Quite a lot of sport in a relatively short time for a man cresting 70.
And may all your Christmases be white
Bing left England on October 13, 1977, to play golf and hunt partridge in Spain. The next day he was at La Moraleja Golf Course, outside of Madrid, playing a round of 18 holes, despite his doctor’s warning not to exceed nine. He was in good spirits, pausing at the ninth hole to sing “Strangers in the Night” to a group of construction workers building a house nearby, who begged him for a song.
He had a 13 handicap and lost the round by one stroke. “That was a great game of golf, fellas,” he smiled as he and his party headed back to the clubhouse. But about 20 yards away, he suffered a massive heart attack and was dead before he hit the ground. Bing Crosby was 74 years old. It was a fitting way for a golfer who loved the game so well to go out.
Tributes poured in from every corner of the globe. Millions wept. But perhaps the finest homage to this great and good and worthy man is this:
On April 29, 1975, the eve of the end of the Vietnam War, the U.S. Military Chain of Command issued a signal to be played over the Armed Forces Radio to order the beginning of the evacuation of all American troops from Vietnam. The war was over. Our boys were coming home.
That signal was Bing Crosby’s recording of “White Christmas.”
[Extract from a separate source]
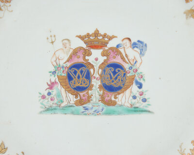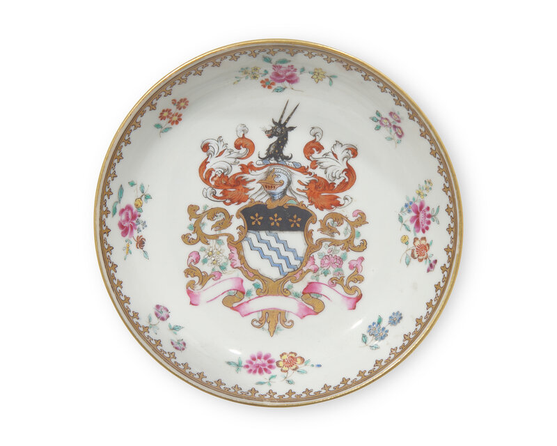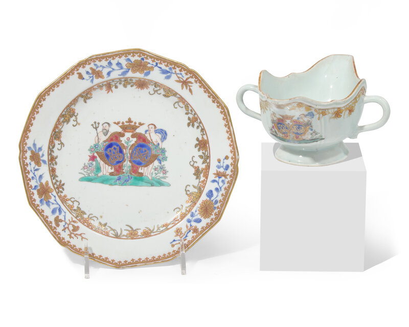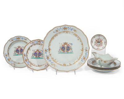 All with double armorial cartouche flanked by Neptune and Venus, unidentified arms, and enamel and gilt floral sprays, comprising a two-handled sauceboat, a charger, a small plate, and four soup bowls, the undersides inscribed with accession numbers 79.500.13-1, 2, 3, 4, 5, 6, and 7, and labels with old Winfield Foundation accession numbers; sold together with a single saucer, possibly made for the Scandinavian Market, circa 1750-1760, decorated with an armorial crest surmounted by an antelope head, the underside bearing accession number, 79.500.17-1, and label with old Winfield Foundation accession number. (8 items total).

Editor’s Note: The Pinehurst Gun Club
Bing Crosby traveled to Pinehurst, North Carolina, many times to play golf on the crown jewel of Pinehurst Resort, Donald Ross’ Pinehurst No. 2, and to hunt bobwhite quail and shooting clays at the Pinehurst Gun Club. The Pinehurst Gun Club became a household word when “America’s sweetheart,” sharpshooter Annie Oakley, and her husband, Frank Butler, adopted Pinehurst as their seasonal home in 1915. Annie was the Pinehurst Gun Club’s first shooting instructor and Frank, its first manager.
In the course of their seven seasons in Pinehurst, Annie taught thousands of men and women to shoot—more than 4,000 women in her first two seasons here—while Frank’s many innovations changed the face of trap and skeet shooting and have been adapted in the design of the new Gun Club’s ten shooting fields, which include two 14-station sporting clays fields, golf green sporting, NSCA 5-stand sporting, trap, skeet, FITASC, Helice, flurry, and Olympic bunker traps. The first simulated pheasant tower in America, adapted from the European model, was built at Pinehurst Gun Club.
The Clubhouse on the Shooting Fields is inspired by the original clubhouse, built in 1895 by Pinehurst founder James W. Tufts, from which Annie Oakley taught. The estate, just under 500 acres, has two ponds and the members’ lodge, called Sealgair House (pronounced shall-e-gar, which means “hunter” in Gaelic) will be built on the peninsula that extends into Harding Pond. Sealgair House features a gun room, library, smoking room, and eight suites for use by members and their guests. The White Christmas barn is the dining room and, like Sealgair House, is inspired by the New England farmhouses portrayed in the films, White Christmas and Holiday Inn—both starring Bing Crosby.